The politics of all this is fascinating, and goes to the heart of Scottish identity and the choices we may soon face: what kind of people are we? Throughout history Scots have filled an outsize place in the Armed Forces, often behaving with conspicuous bravery in far-flung corners. The Scottish regiments – there is now a single Royal Regiment of Scotland – are storied institutions and occupy a special place in many hearts both at home and abroad. Scots ran large chunks of the Empire, and the Glasgow tobacco and sugar barons became vastly wealthy through global trade, exploitation and slavery. The diaspora has done well for itself and can be found in senior roles in unexpected places across the planet.

This, in a sense, is what Britishness has meant to generations of Scots.

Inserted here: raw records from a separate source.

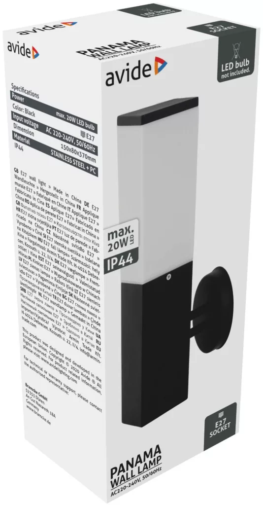 Avide kültéri fali lámpa Panama 1xE27 IP44 Fekete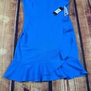 New Karl Lagerfeld Flared Ruffle Dress Womens 6 Blue Above knee flounce Short Sleeve Back Zip Paris $128 Retail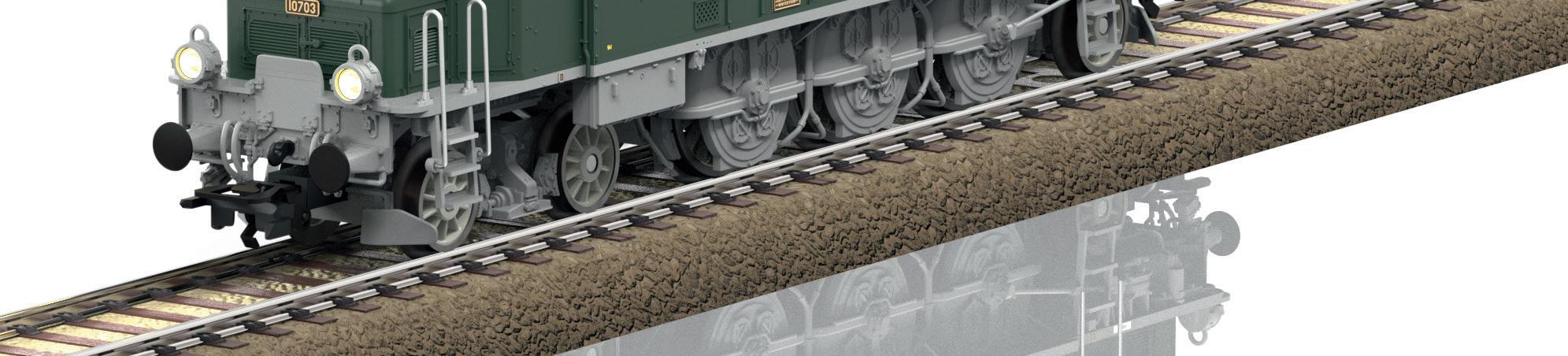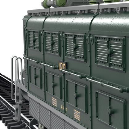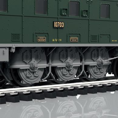 Prototype: Swiss Federal Railways (SBB) class Ae 3/6 I electric locomotive. Locomotive from the eighth production run. Fir green paint scheme with gray running gear. With older style buffers, end walkover plates, and 4 cab doors on the sides. Oncoming train light above each of the upper lamps. Locomotive for use pulling lightweight express trains on at terrain, on the route Geneva-Bern-Zürich. Locomotive road number 10703. The locomotive looks as it did at the beginning of Fifties. Model: The locomotive has a digital decoder and extensive sound and light functions. It also has controlled high-ef ciency propulsion with a ywheel. All 3 driving wheelsets powered. Traction tires. The triple headlights and one white marker light (Swiss headlight code) change over with the direction of travel, will work in conventional operation, and can be controlled digitally. The lighting can be switched to a red marker light when the locomotive is running “light”. The oncoming train light can be controlled separately in digital operation. The headlights at Locomotive Ends 2 and 1 can be turned off separately in digital operation. When the headlights are off at both ends, the double “A” light function is on at both ends. There is also cab lighting and engine room lighting, which can each be controlled separately in digital operation. Maintenance-free warm white and red LEDs are used for the lighting. The locomotive has highly detailed metal construction with many separately applied details such as cooling pipes for transformer oil. The cabs and engine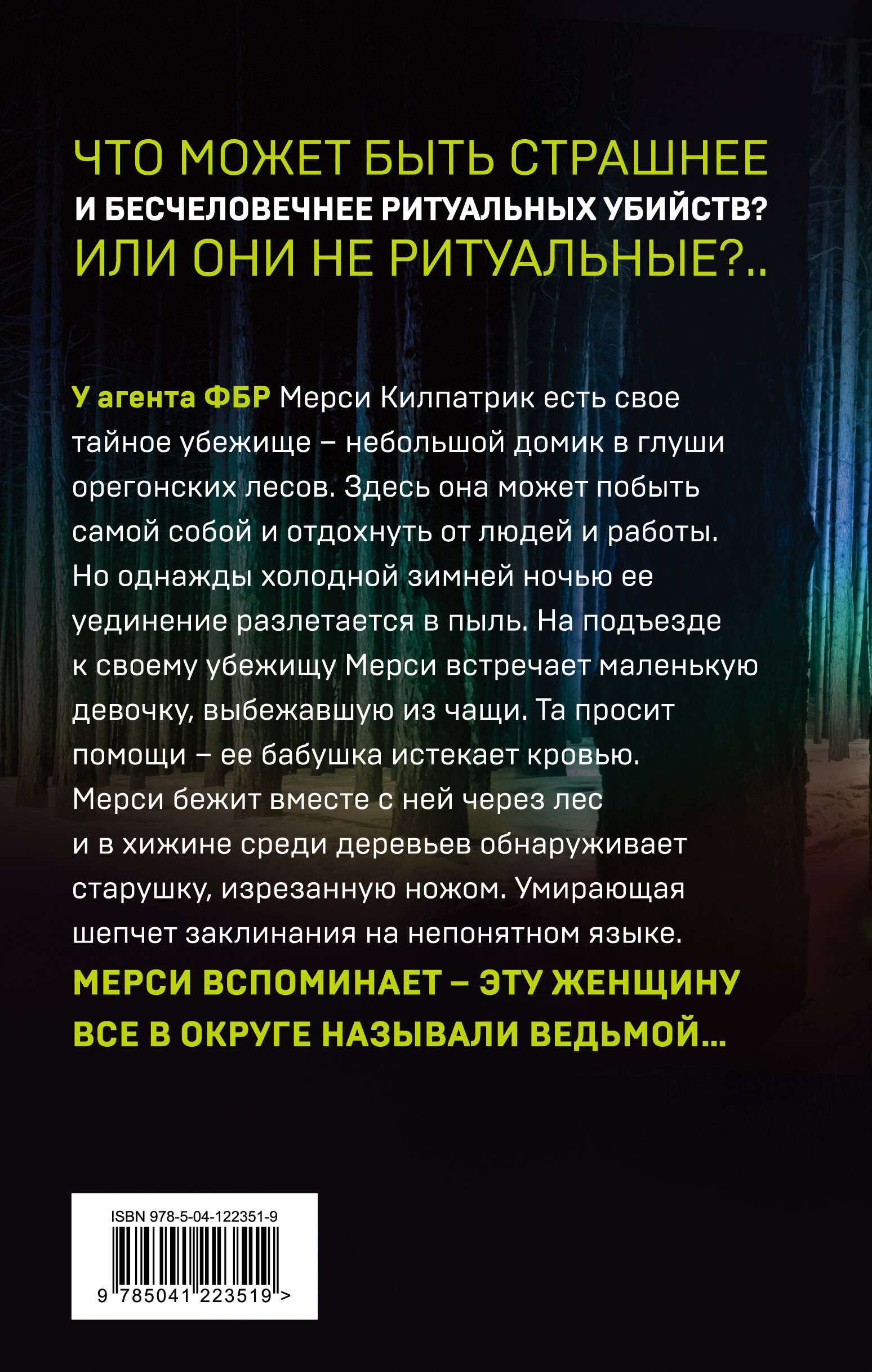 Бестселлер Wall Street Journal. В мире продано более 8 000 000 книг автора. Она видит цвет твоего страха. Она чует запах твоей боли. Она знает все твои тайны… Что может быть страшнее и бесчеловечнее ритуальных убийств? Или они не ритуальные?.. У агента ФБР Мерси Килпатрик есть свое тайное убежище - небольшой домик в глуши орегонских лесов. Здесь она может побыть собой и отдохнуть от людей и работы. Но однажды, холодной зимней ночью, ее уединение разлетается в пыль. Маленькая девочка выбежала из чащи прямо к убежищу Мерси. Малышка в отчаянии - ее бабушка истекает кровью. Вместе они бегут через лес, и там, в хижине среди деревьев, агент обнаруживает старушку, изрезанную ножом. Умирающая шепчет заклинания на непонятном языке. Да ведь это она - та, кого все в округе называют ведьмой… «В своей новой серии про Мерси Килпатрик Эллиот воссоздает невероятную атмосферу маленького города, где опасность буквально висит в воздухе, а герои скрывают множество секретов и демонстрируют извращенное чувство долга». - RT Book Reviews «Кендра Эллиот представляет нам быстро развивающийся напряженный триллер, который воспроизводит атмосферу маленького города и менталитет выживания, противопоставляя его миру технологий». - Publishers Weekly «Кендра Эллиот - мастер романтического саспенса. Она искусно переплетает рассказ об новых убийствах с описанием отношений Мерси и Трумэна. Изюминка этой книги - увлекательные подробности об образе жизни выживальщиков». - Адриан Лин, Amazon Book Review «Кендра Эллиот создает яркую историю семейной преданности, потерь и боли, надежды и веры семьи Килпатрик». - Romancing Life «От книг Кендры Эллиот трудно оторваться». - Book Him Danno! «Если вам нравится саспенс с постепенно развивающейся романтической линией, я смело рекомендую вам Кендру Эллиот». - Burns Through Her Bookshelf| Издательство | ООО "Издательство "Эксмо" |

We were not subjects but owners, willing participants and active conspirators. But as that global and economic eminence has faded, so too has the identity that came with it. To be replaced by… what exactly?

 [See also: Labour has no idea how to respond to the increase in Trident nuclear warheads

Scotland’s two governments are engaged in a battle to answer this question, and the role of foreign policy and defence is at its heart. Do Scots still want to sit at the top table of the United Nations, to play a lead role in Nato, to be a member of the G7 and G20, to be part of the “Five Eyes” security network, to be in the frontline of often unpopular wars, to continue as a nuclear power which maintains real if diminished global influence? Is the appetite for such responsibility, for – let’s be honest – the struggle for ongoing front-row relevance, for the moral weight and ethical conflicts that come with all this, still there? Are we ready for the psychological impact of walking away?

It’s undoubtedly the case that departure from the EU has changed minds. Some Scots view Brexit as an English betrayal of Britain – a foolish statement of self-interest and misguided exceptionalism. They see it as a rejection of continental solidarity and of realism about the economic and security importance of basic geography; as a misunderstanding of the essential nature of power blocs in the modern world, and as a glaring display of diverging values within the UK. With that foundational stone of their modern British identity gone, they are ready to quit the house altogether.

This debate is every bit as central to Scotland’s future as arguments about debt and currency, and the SNP is tackling it seriously and smartly. British or European? Top table or periphery? Social democracy on the Clyde or Singapore on the Thames? Getting busy in our own little corner or staying true to our global past? These are all legitimate options.

As former SNP MP Stephen Gethins puts it in an excellent new book, Nation to Nation – Scotland’s Place in the World, “we are now at another turning point in our history and our relationship with international partners. Now is the time to figure out what the next stage of Scotland’s story is.” Only Scots can write it.